Sammy Hagar und Michael Anthony von Van Halen, Gitarrenvirtuose Joe Satriani und Red Hot Chili Peppers Drummer und Will Ferell-Lookalike Chad Smith. Das Ganze ist dann schon eher klassischer Rock, und wenn man das und v.a. Sammy Hagars Vocals nicht mag, wird’s nicht gefallen. Sonst ist es schon okay, hier nachzusehen. Macht den Buben Spaß, etwas zu austoben und kommt auch ganz gut an. Die tollste Supergroup ist das nicht, dennoch.


A Perfect Circle

Auch wenn sich  Maynard James Keenan ankotzen würde bei dem Namen: „A Perfect Circle“, verdienen sie den Namen Supergroup. Vor allem, weil die Musik auch super ist, und nicht so auf Spaßprojekt. Viele Supergroups hören sich ja nach einem Skikursausflüg für Rockstars an, A Perfect Circle hingegen nach grandioser Klangkunst. Das Line-Up durchlief einige Wechsel, aber alle Teilnehmer waren dem Terminus Supergroup würdig: Maynard James Keenan von Tool. James Iha von den Smashing Pumpkins. Josh Freese, Devo, The Vandals, Dweezil Zappa und Sessiondrummer bei Gott und der Welt. Früher dabei: Danny Lohner von den Nine Inch Nails. Jordie White, damals als „Twiggy Ramirez“ bei Marilyn Manson. Et cetera. Ganz tolle Band.

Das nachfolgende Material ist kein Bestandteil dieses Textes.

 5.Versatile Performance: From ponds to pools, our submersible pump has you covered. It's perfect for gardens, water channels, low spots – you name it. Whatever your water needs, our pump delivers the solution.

Aus Platzgründen hier noch weitere Supergroups quer durch die Jahrzehnte:

Dirty Mac (kleine Kaliber wie Lennon, Clapton, Mitch Mitchell vom Hendrix Experience und Keith Richards. Allerdings keine Platte nur zwei Fernsehsessions).

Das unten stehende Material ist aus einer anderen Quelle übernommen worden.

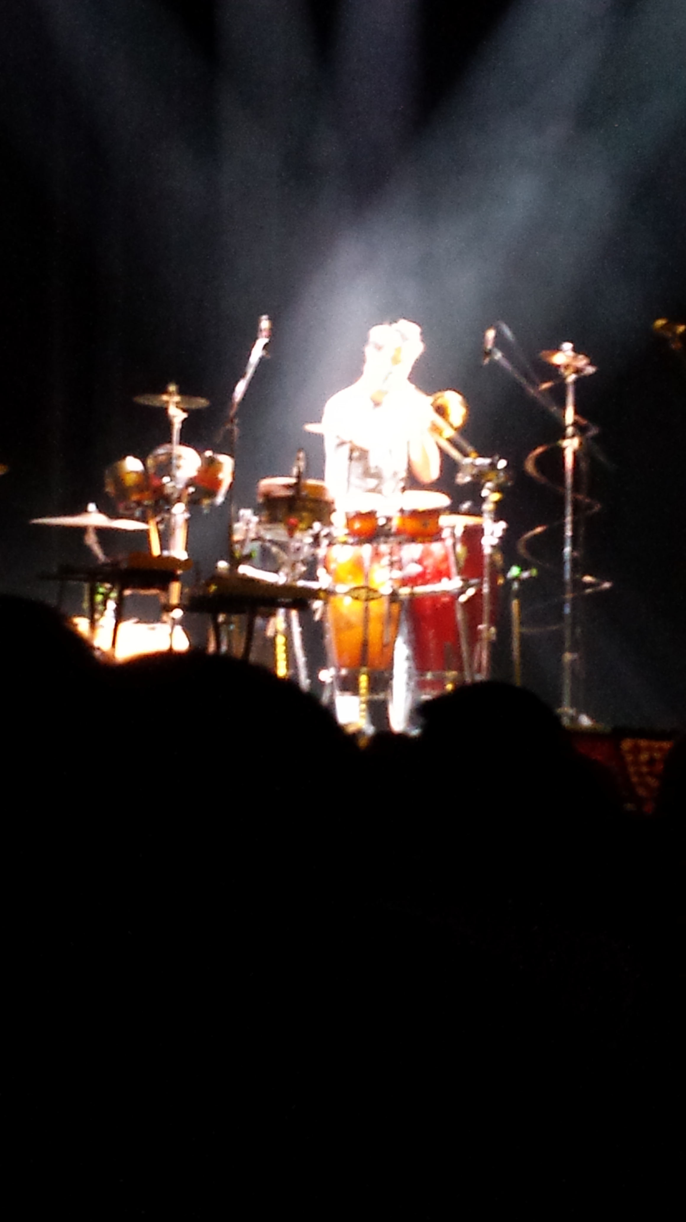They played a few songs which they didn’t last time, the final one “Homecoming King” is one of my favorites of theirs. For “Come Downstairs and Say Hello,” Ryan started the song on ukulele (I took a shockingly blurry photo of this) before the band kicked in and rocked away. This song has some of the best drumming to watch. Brian Rosenworcel mostly plays bongoes–he doesn’t use sticks. And there’s a great instrumental break where the band really lets him shine–he pounds the heck out of them (including the cymbals). It’s pretty awesome, and I finally got a decent video of it. Part 1 and Part 2.

Crosby, Stills, Nash & Young
Audioslave (Rage Against The Machine ohne Zach Della Rocha dafür mit Chris Cornell. Gut, aber nicht mindblowing).
Cream (uhm, Clapton/Jack Bruce/Ginger Baker. Durchaus Supergroup)

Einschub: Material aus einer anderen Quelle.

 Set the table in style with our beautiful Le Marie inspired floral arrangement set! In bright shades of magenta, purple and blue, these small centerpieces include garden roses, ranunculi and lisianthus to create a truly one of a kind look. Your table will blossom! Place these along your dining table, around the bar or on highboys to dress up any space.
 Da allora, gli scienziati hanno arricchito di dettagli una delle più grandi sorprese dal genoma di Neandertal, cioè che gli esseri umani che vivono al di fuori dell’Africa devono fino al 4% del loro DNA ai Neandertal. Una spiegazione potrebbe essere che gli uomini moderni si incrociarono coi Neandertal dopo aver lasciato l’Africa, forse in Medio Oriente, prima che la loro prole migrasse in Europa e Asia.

Velvet Revolver (Slash, Duff McKagan und Matt Sorum von Guns’n’Roses mit Scott Weiland von den Stone Temple Pilots. War okay, nix gegen Guns’n’fucking Roses dennoch).
und die aktuellste: Fahrenkrog/Anders. Alles Schlimme an den 80er Jahren geballt in gebotoxter Altmänner-Form. Wohl bekomms!